What is needed is every line from the one holding "Vestido Longo em" to the last line of the data below, printed exactly and without pictures.

(Beginning of INPUT DATA)

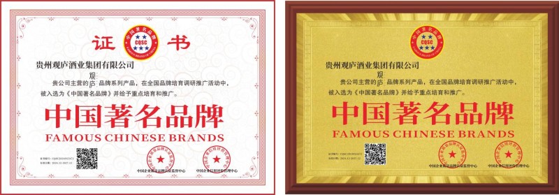 近日,由中国企业质量品牌认证监督中心及中国企业信用评价管理中心联合评选审核,贵州观庐酒业集团有限公司荣获““中国名酒”及“中国著名品牌”两大荣誉。
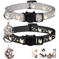 2Pcs Breakaway Cats Collars Cat Collars For Boy & Girl Cats Adjustable Kitten Collars With Bell,Black+Gray
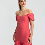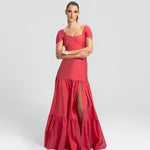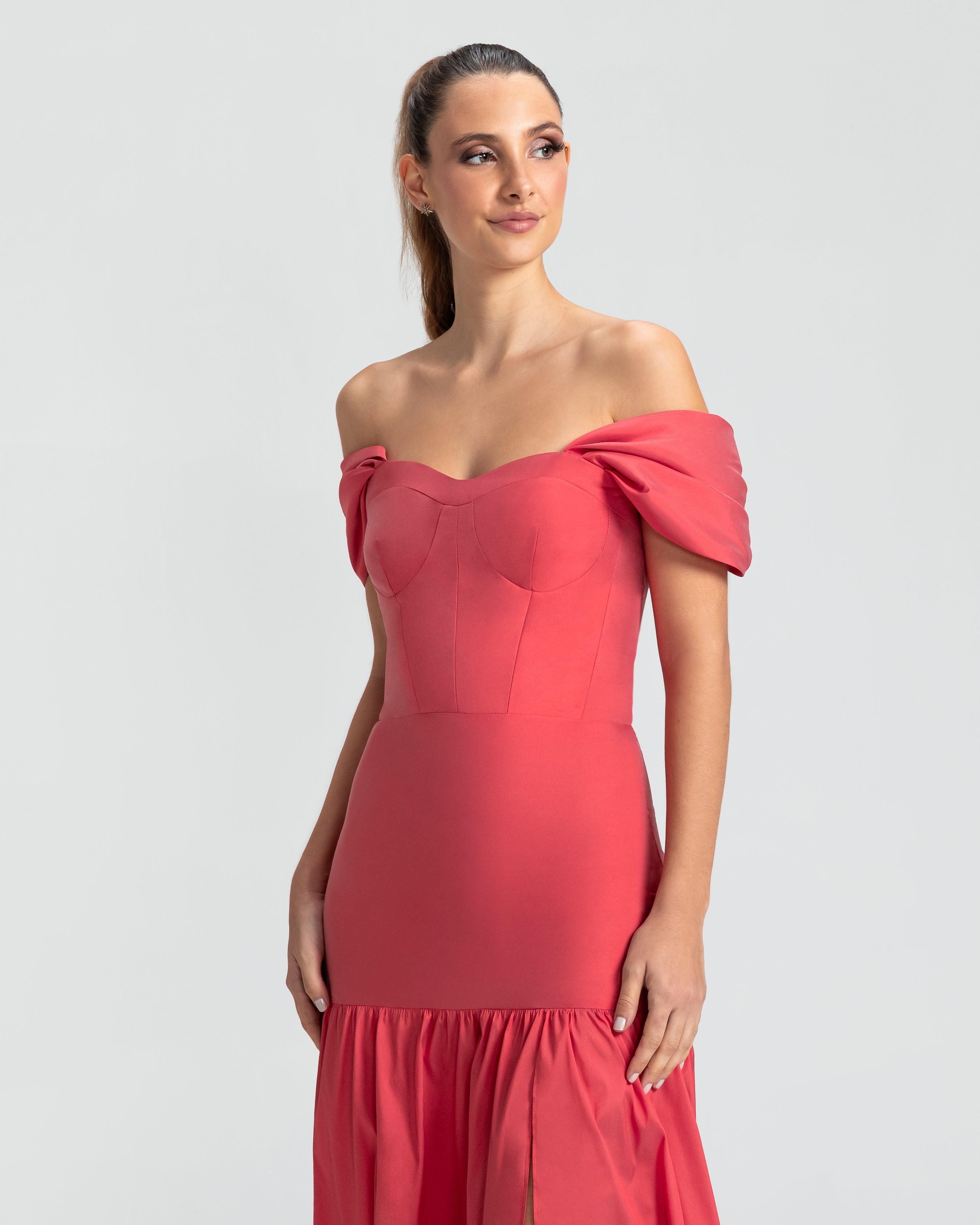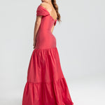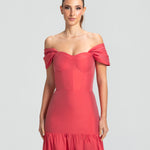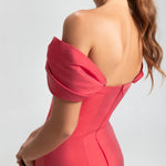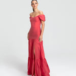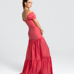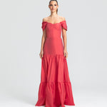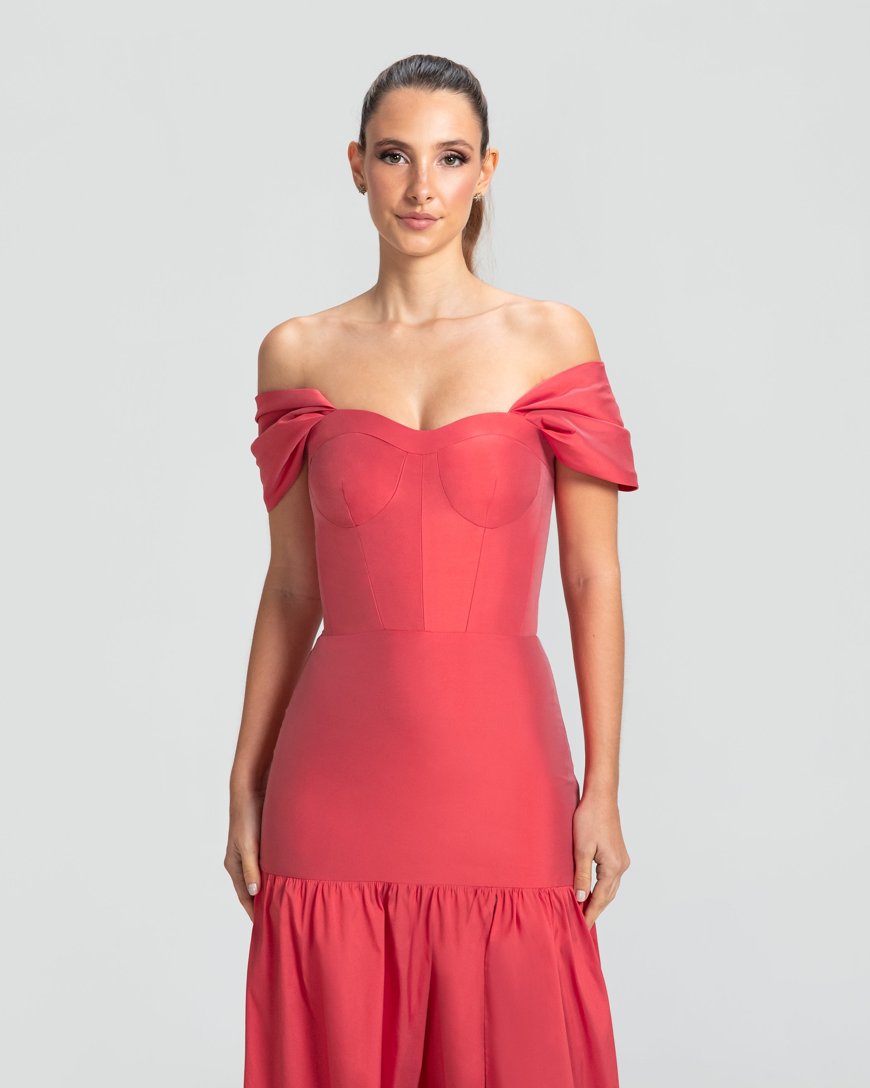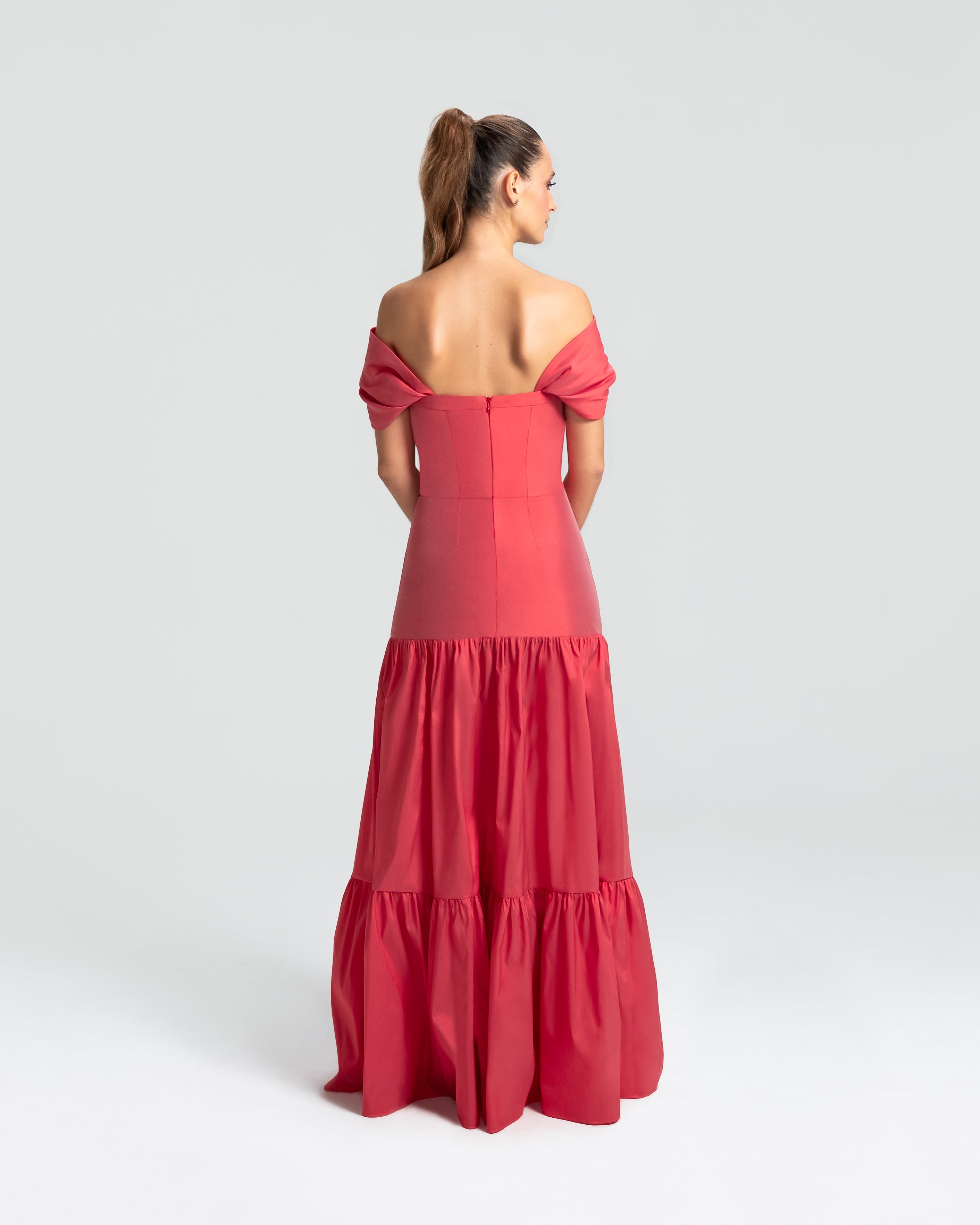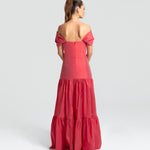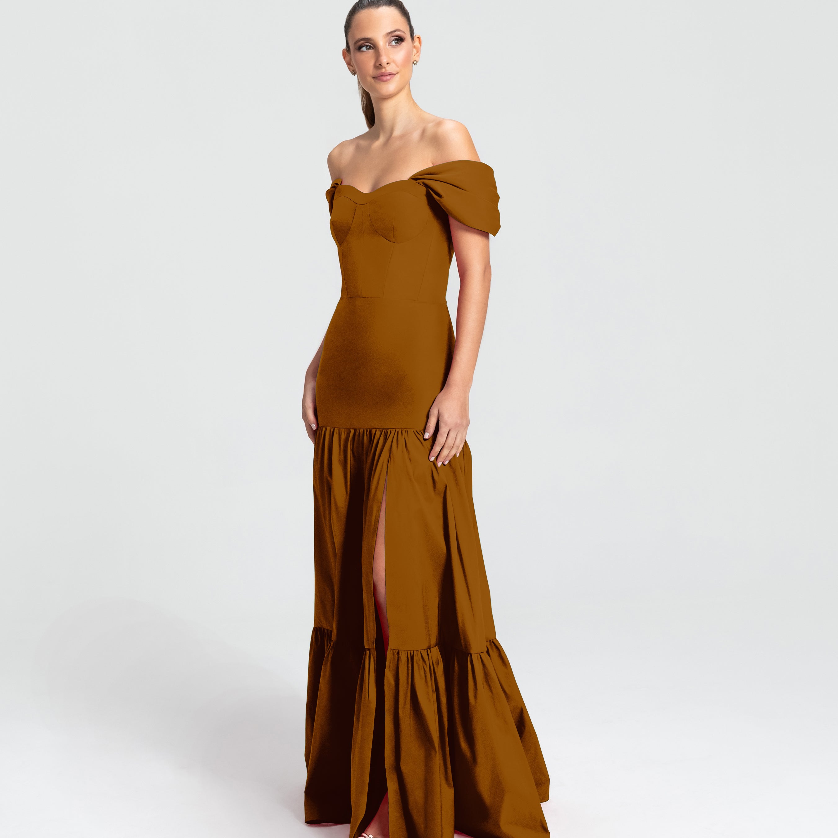 Vestido Longo em Tafetá Ombro a Ombro Cadeirão e Saia Franzida – REF: EG25
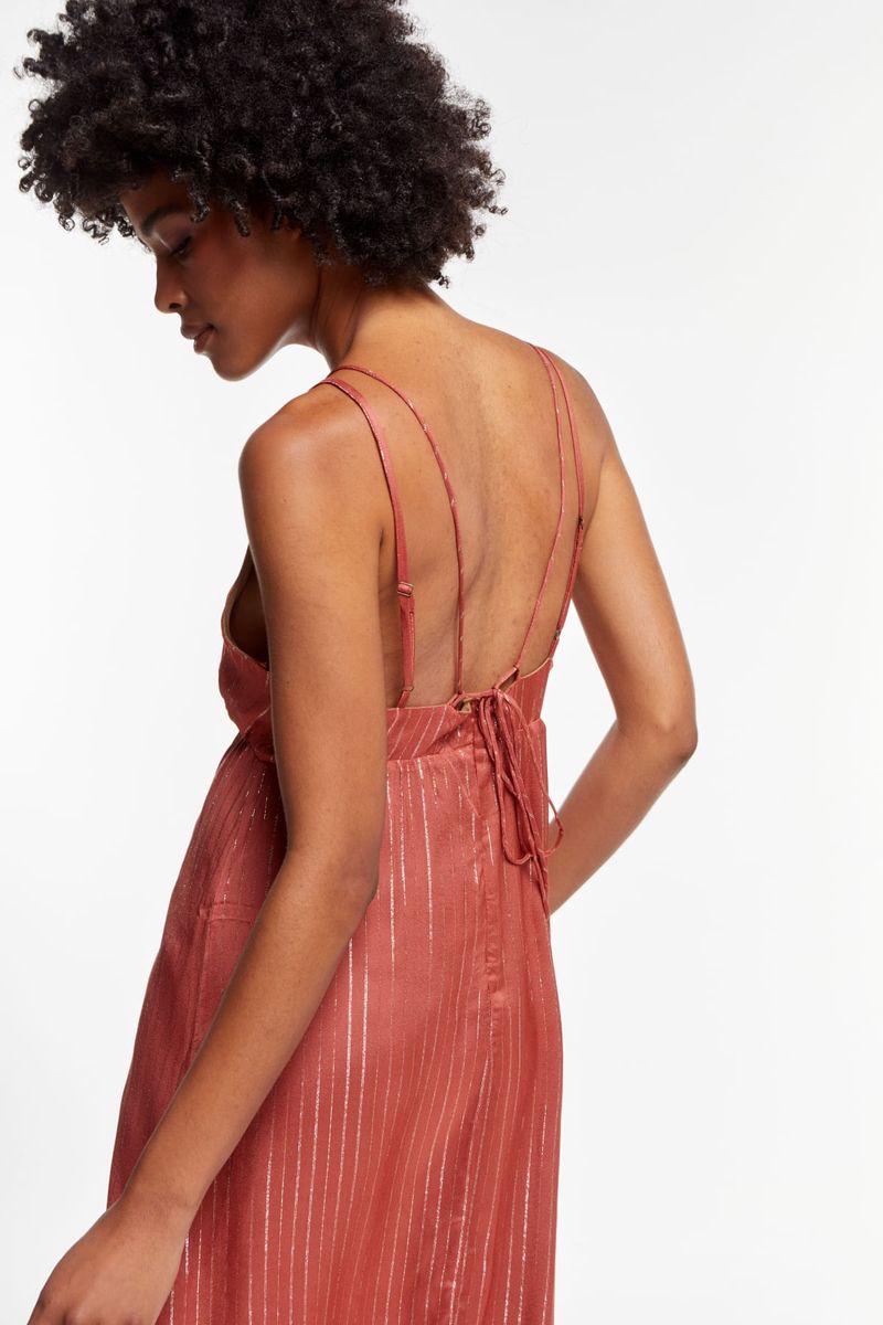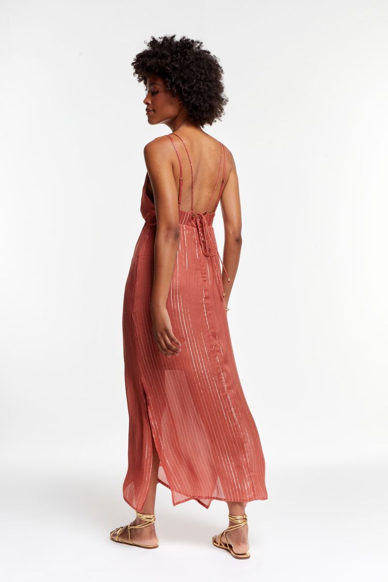 As listras metalizadas trazem um brilho sutil ao tecido, enquanto o decote profundo cria um efeito moderno e marcante. Na parte frontal, pequenos metais dourados adicionam charme imediato, e na parte de trás, as ponteiras douradas finalizam as alças com um toque delicado. A abertura lateral completa o visual com leveza e movimento, deixando a peça ainda mais elegante.

(End of INPUT DATA)

**EXPECTED ANSWER**
 Vestido Longo em Tafetá Ombro a Ombro Cadeirão e Saia Franzida – REF: EG25
 As listras metalizadas trazem um brilho sutil ao tecido, enquanto o decote profundo cria um efeito moderno e marcante. Na parte frontal, pequenos metais dourados adicionam charme imediato, e na parte de trás, as ponteiras douradas finalizam as alças com um toque delicado. A abertura lateral completa o visual com leveza e movimento, deixando a peça ainda mais elegante.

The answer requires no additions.